▶ _BRIEF_
The output must contain exactly the lines from the top of the listing below through the line containing "Gli oggetti ListaDoppia", and no pictures.

---*---

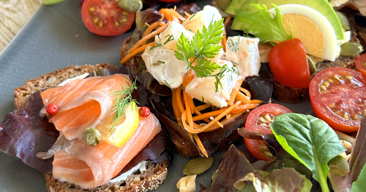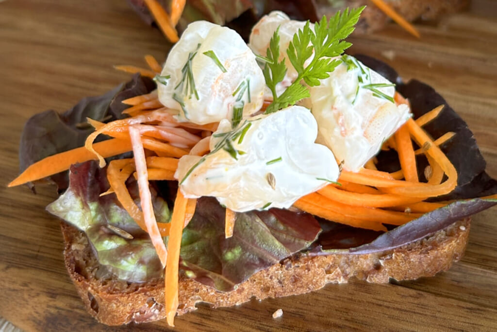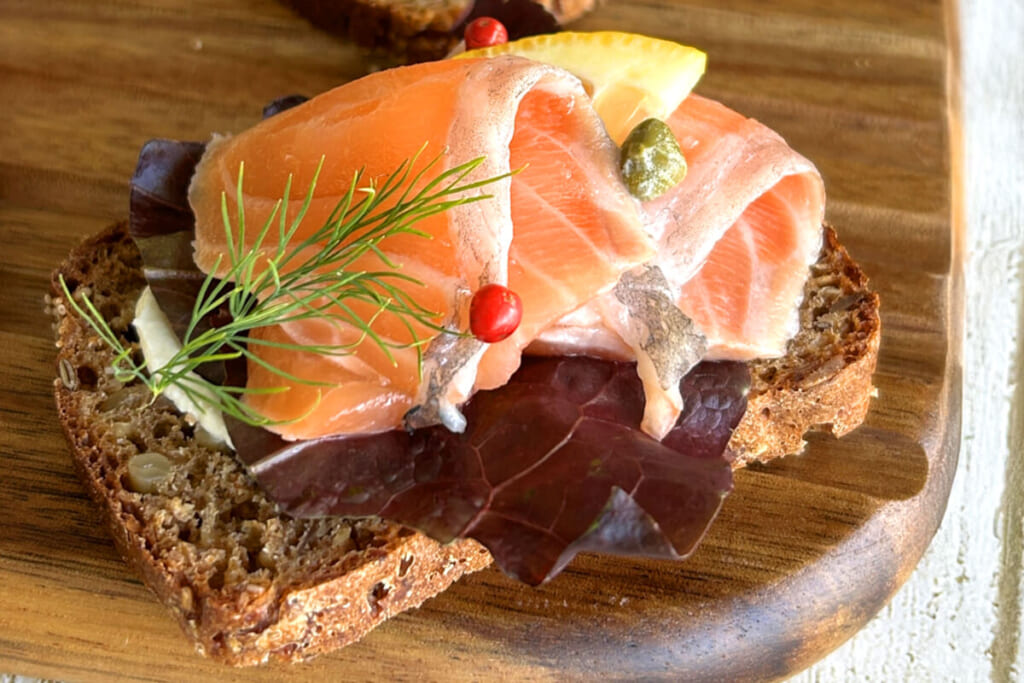 フレッシュなうちはバターを塗るだけでも美味しく、水分が抜けてきたら、それを補うようにサワークリームやタルタルソースなどを塗ってサーモンや野菜などをのせていただく「スモーブロ」に仕立てて食べるのがデンマーク流。
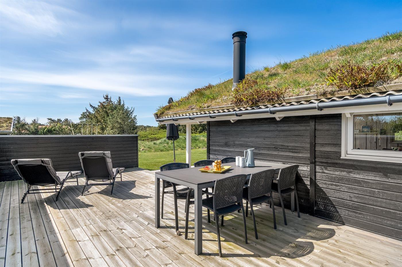 Skønt sommerhus i naturskønt område nær Vesterhavet med spa, sauna og stor grund til leg og afslapning.
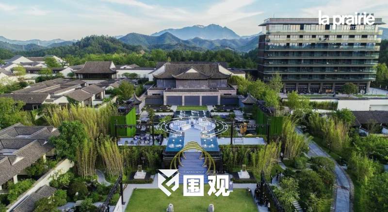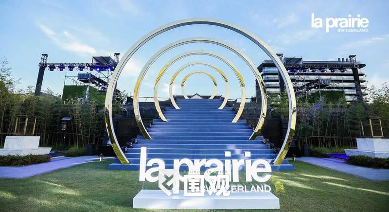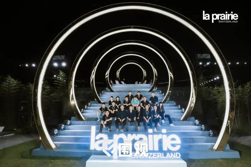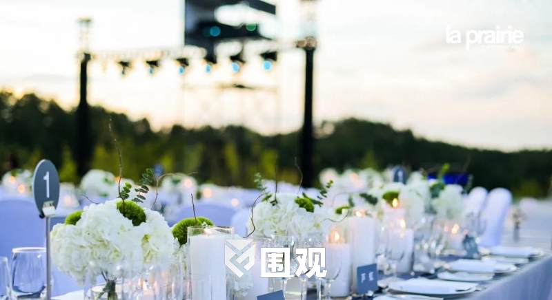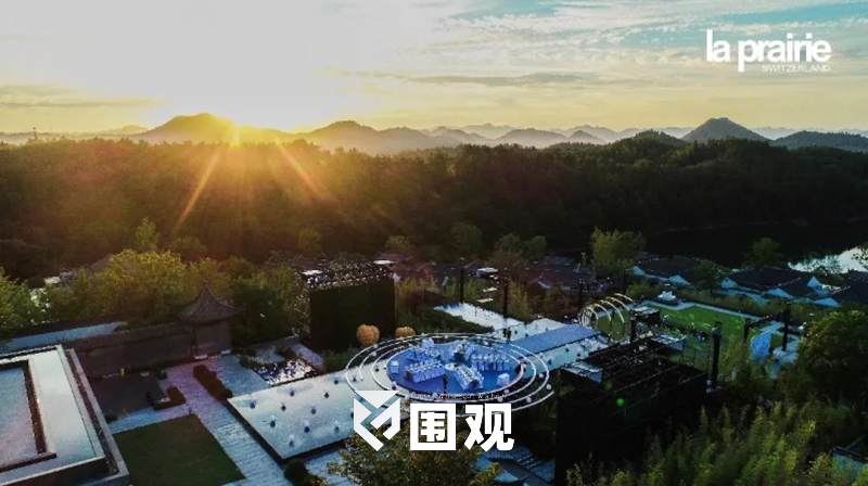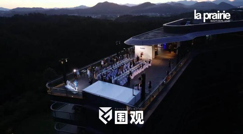 空中俯视整个晚宴现场,犹如产品的艺术造型,在青山绿水的静谧与惬意中,荡漾起一圈圈La Prairie营造的科艺美学涟漪,以唯美的意境传递品牌理念。
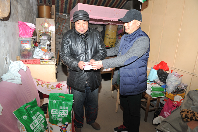 原來,陸同林是農(nóng)場轉崗職工,通過自謀職業(yè),從事個體經(jīng)營業(yè)務。有著濃厚軍墾情結的他,在兩天前特地找到臧成龍,想通過他了解,并在年前資助兩戶貧困戶的想法。
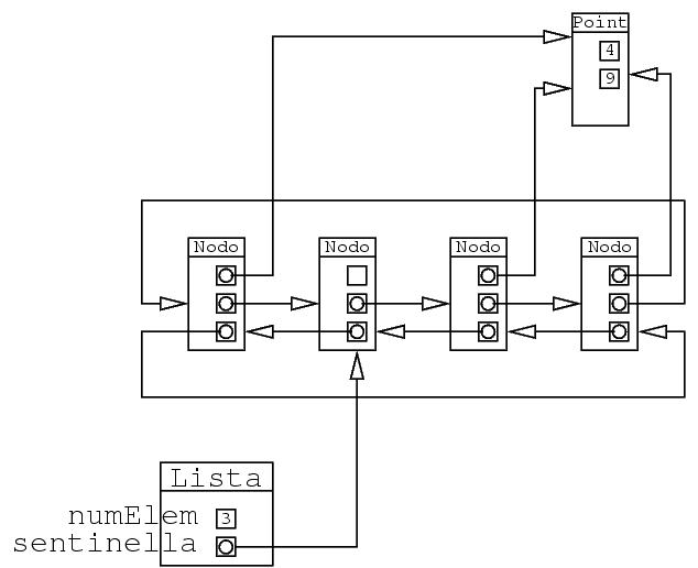 Gli oggetti ListaDoppia hanno due campi: il numero di elementi e un riferimento a un qualsiasi oggetto dell'anello:
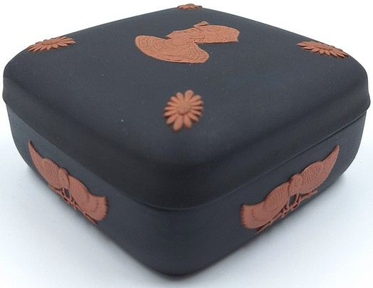 Artikelnummer: A26100Wedgwood sieradendoosje of dekselbakje met een afbeelding van Toetanchamon uit de 'Egyptian Collection' serie. Het bakje is aan alle kanten gedecoreerd en ook de deksel heeft een prachtige decoratie.
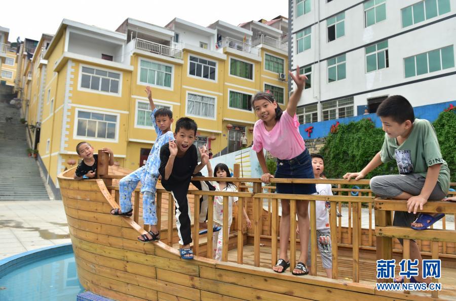 2019年8月22日,福建省福安市下岐村小朋友在下岐漁民廣場前玩耍。新華社記者 林善傳 攝
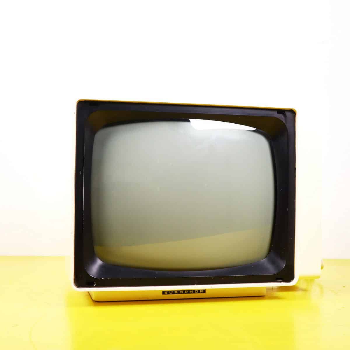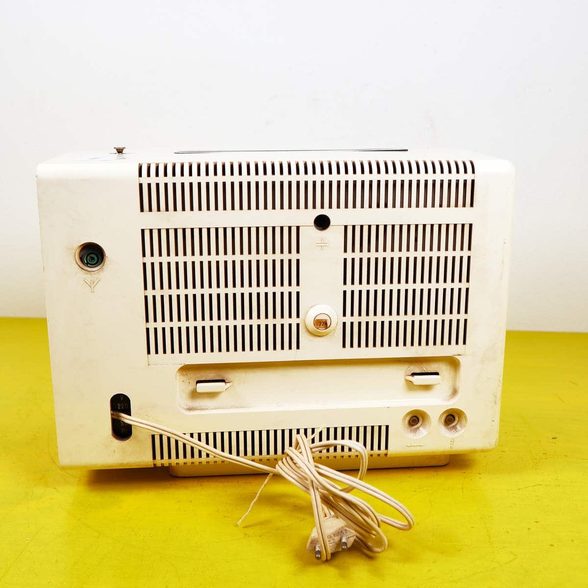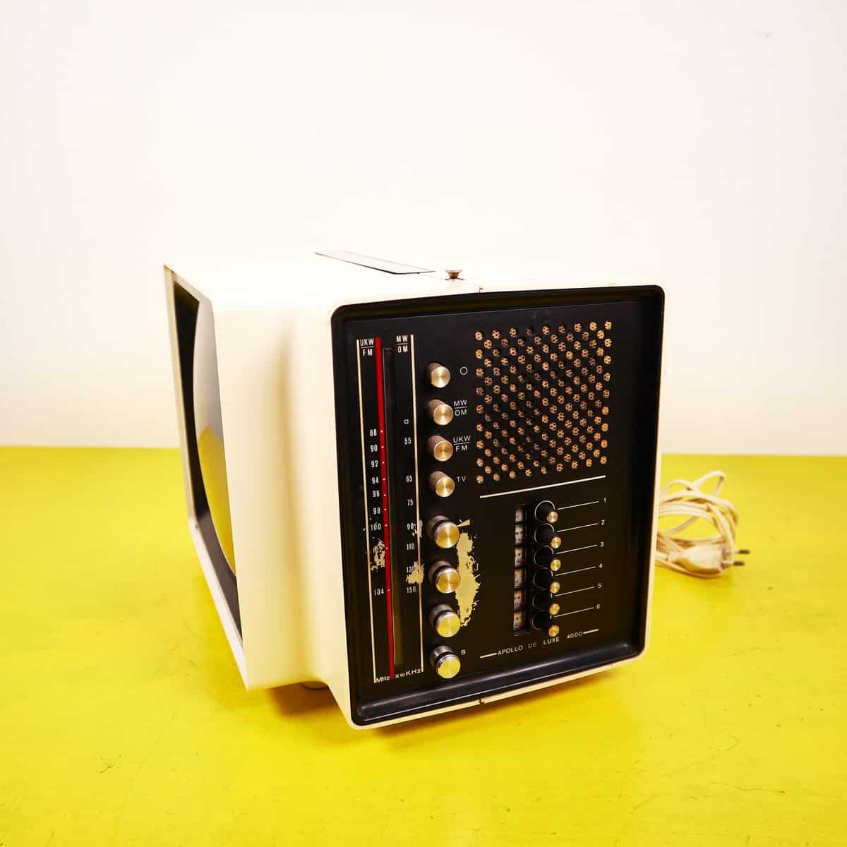 Scopri il fascino del passato con il Televisore Europhon Apollo Deluxe 4000, un oggetto di design che cattura l'essenza degli anni '70. Questo televisore offre un elegante involucro bianco c... Scopri il fascino del passato con il Televisore Europhon Apollo Deluxe 4000, un oggetto di design che cattura l'essenza degli anni '70. Questo televisore offre un elegante involucro bianco con dettagli neri, un'antenna estensibile e un'interfaccia vintage che include manopole e indicatori colorati. Perfetto per arredare un living in stile retro o come pezzo da collezione, il dispositivo si presenta in buone condizioni con lievi segni d'usura che testimoniano la sua storia. Sebbene non sia funzionante come un moderno TV, rappresenta un'ottima soluzione decorativa per i nostalgici del design classico. Altro

---*---

▶ _RESPONSE TO THE TASK_
 フレッシュなうちはバターを塗るだけでも美味しく、水分が抜けてきたら、それを補うようにサワークリームやタルタルソースなどを塗ってサーモンや野菜などをのせていただく「スモーブロ」に仕立てて食べるのがデンマーク流。
 Skønt sommerhus i naturskønt område nær Vesterhavet med spa, sauna og stor grund til leg og afslapning.
 空中俯视整个晚宴现场,犹如产品的艺术造型,在青山绿水的静谧与惬意中,荡漾起一圈圈La Prairie营造的科艺美学涟漪,以唯美的意境传递品牌理念。
 原來,陸同林是農(nóng)場轉崗職工,通過自謀職業(yè),從事個體經(jīng)營業(yè)務。有著濃厚軍墾情結的他,在兩天前特地找到臧成龍,想通過他了解,并在年前資助兩戶貧困戶的想法。
 Gli oggetti ListaDoppia hanno due campi: il numero di elementi e un riferimento a un qualsiasi oggetto dell'anello:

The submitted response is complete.